His chindōgu were an instant hit, and as readers demanded more, Kawakami was forced to come up with new ideas for the entertainment of his readers. Over the years, he developed a set of rules—the 10 tenets—for proper chindōgu creation.
These ten commandments of chindōgu are as follows:
- A Chindōgu cannot be for real use — They must be, from a practical point of view, (almost) completely useless. “If you invent something which turns out to be so handy that you use it all the time, then you have failed to make a Chindogu,” it says.
- A Chindōgu must exist — A Chindōgu must be something that you can actually hold, even if you aren’t going to use it.
- There must be the spirit of anarchy — A chindogu must be an object that have broken free from the chains of usefulness. They represent freedom of thought and action.
- Chindōgu are tools for everyday life — Chindōgu must be useful (or useless) to everyone around the world for everyday life.
- Chindōgu are not for sale — Chindōgu cannot be sold. “If you accept money for one, you surrender your purity,” it says.
- Humor must be the sole reason for creating a chindōgu — The creation of Chindogu is fundamentally a problem-solving activity.
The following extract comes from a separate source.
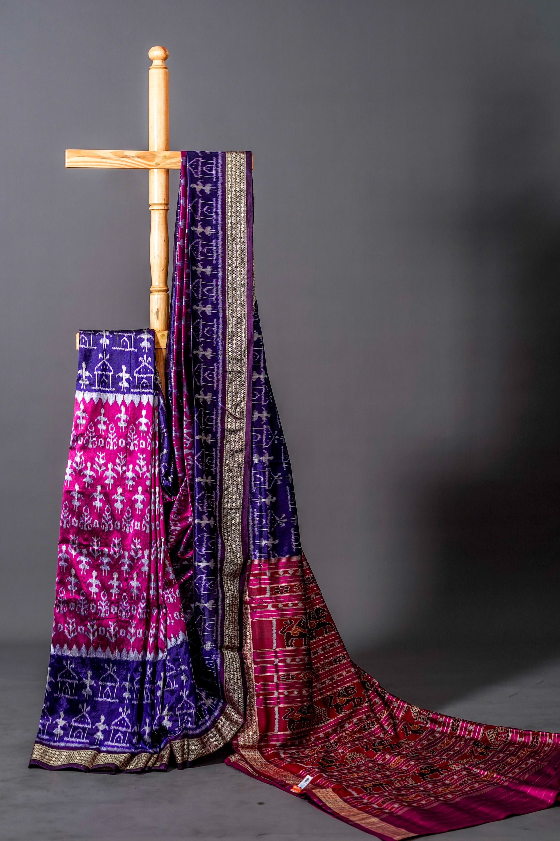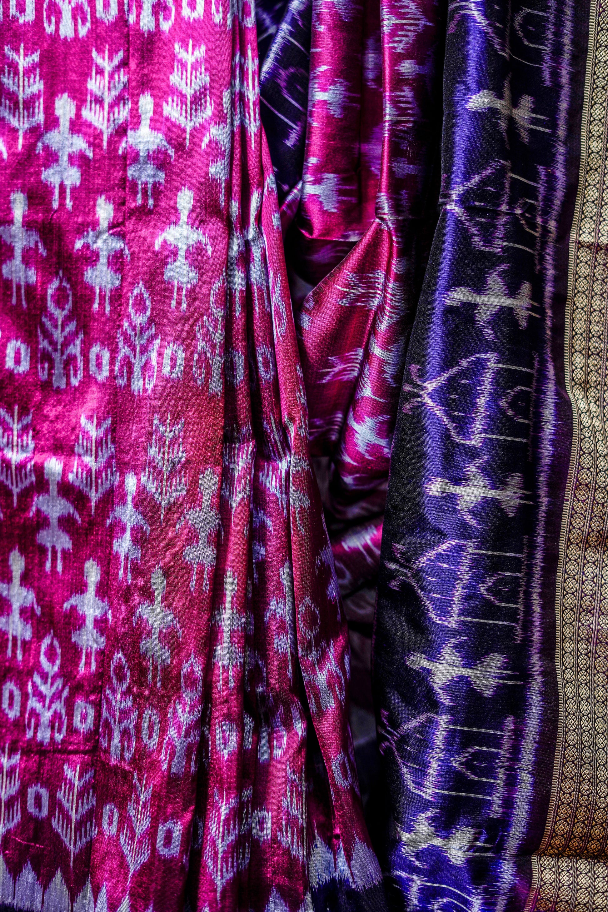 Khandua Silk features intricate ikat patterns, vibrant colors, and traditional motifs woven in fine silk threads.

Humor is simply the by-product of finding an elaborate or unconventional solution to a problem.
- Chindōgu is not propaganda — Chindōgu should be innocent. They should not be created as a perverse or ironic comment on the sorry state of mankind.
- Chindōgu are never taboo — Chindōgu must adhere to society’s basic standards.
- Chindōgu cannot be patented — Chindōgu cannot be copyrighted, patented, collected and owned.
- Chindōgu are without prejudice — Everyone should have an equal chance to enjoy every Chindōgu.
A baby romper that also functions as a mop.
According to a 2001 article on Japan Times, Kawakami has made over 600 chindogu since he began inventing. Yet he doesn’t own any patents and has never made a single yen by selling his creations (see tenet no#5 and #9).
“I despise materialism and how everything is turned into a commodity,” the 70-year-old inventor once said. “Things that should belong to everyone are patented and turned into private property. I’ve never registered a patent and I never will because the world of patents is dirty, full of greed and competition.”
However, this has not stopped others from stealing his ideas. One of his invention, a two-sided slippers can be bought at a well-known Japanese chain store. “Some people have no principles,” he says in disgust. “They’ll do anything for money.”
What started as a joke is now a form of art practiced by over 10,000 chindōgu practitioners all around the world.
Despite the seemingly universal appeal for his inventions and their purpose to amuse, Kawakami laments that sometimes he is not taken seriously.
“In Europe they treat me as an artist. In Australia and Canada, I’m called a scientist. In China and Hong they wonder why I don’t try to make money from my inventions. But in Japan and the US, they consider me a maker of party goods,” Kawakami bemoans.
This back-scratch guide t-shirt makes scratching your friend’s back easier.
Shoe broom and dustpan
Eye drop funnel glasses
This one is interesting. This is a selfie stick published in one of Kawakami’s books prompting the apparently useless device as a chindōgu. The book was published in the mid-90s, years before selfie stick became popular.